逆転の3号決勝3ランで通算150号に到達した。9日西武戦(大宮)の場外弾でリーチをかけてから、6試合ぶりの1発。「最高です。まさか自分がここまで打てるとは思っていなかった。これからも上を目指して頑張ります」とうなずいた。

節目で勝負強さを発揮してきた。西武時代のプロ2年目、10年3月31日。ソフトバンク戦に代打でプロ初打席に立ち適時二塁打を放った。当時の渡辺監督や、大阪桐蔭の先輩でもある主砲中村から「あいつは持ってる」と一目置かれた。同年8月10日にプロ初本塁打をマーク。相手は楽天、場所はKスタ宮城(現楽天生命パーク)だった。あれから9年。クリムゾンレッドのユニホームで記念弾のボードを掲げると、古巣西武ナインからも拍手を送られた。「終わってみればそういう(古巣相手に打った)思いはあるけど、戦っている以上は勝たないと、という思いでした」。最後まで勝負に徹した。

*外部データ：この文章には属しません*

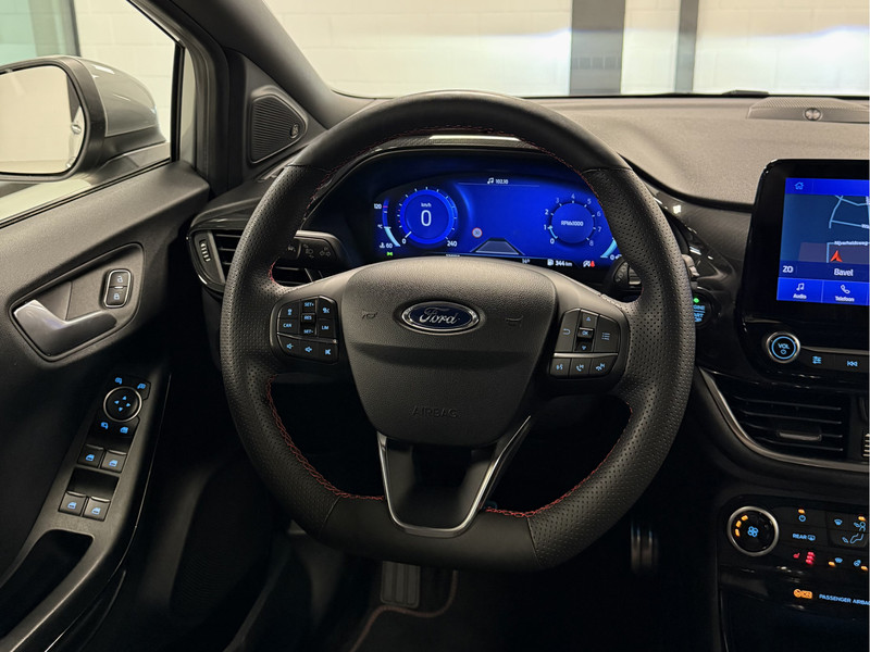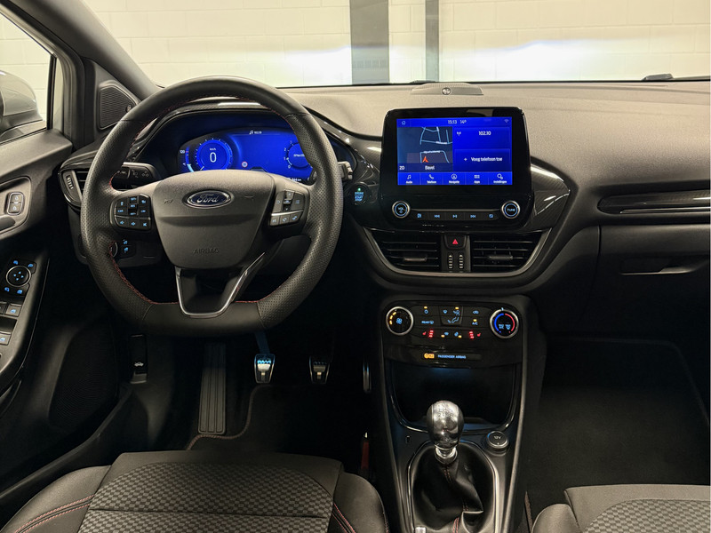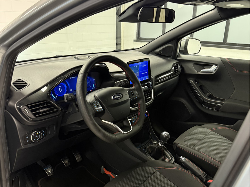 Het door ons haast verplichte ST-Line interieur pakket bevat onder andere sportstoelen afgewerkt met rood contraststiksel en een afgevlakt sportstuurwiel. Door het gehele interieur zijn de rode contraststiksels terug te vinden wat deze auto echt sportief maakt. De edelmetaal pedalen geven deze auto een echt luxe gevoel.

4番不在の危機も救った。開幕から「つなぎの4番」として活躍した島内が、16日に受けた死球の影響でベンチ外。4番は前夜サヨナラ勝利のヒーローとなったウィーラーが座った。1番に好調の茂木、オコエが7番、不動の1番田中は9番に。周囲の打者はガラリと変わっても、3番浅村だけは不動のまま。平石監督も「ものすごく大きいね。何かやってくれるとベンチでも感じていました」と、リーグ10勝一番乗り、単独首位に導いたアーチをたたえた。浅村は「200本、300本と打てればいいですが、自分はホームランバッターじゃない。ヒットの延長。コツコツ頑張っていきます」と引き締めた。チームや状況が変わっても、この男の勝負強さは変わらない。【鈴木正章】

▼通算150本塁打=浅村(楽天) 17日の西武4回戦(楽天生命パーク)の5回、本田から今季3号を放って達成。プロ野球172人目。初本塁打は西武時代の10年8月10日の楽天14回戦(Kスタ宮城)で山村から。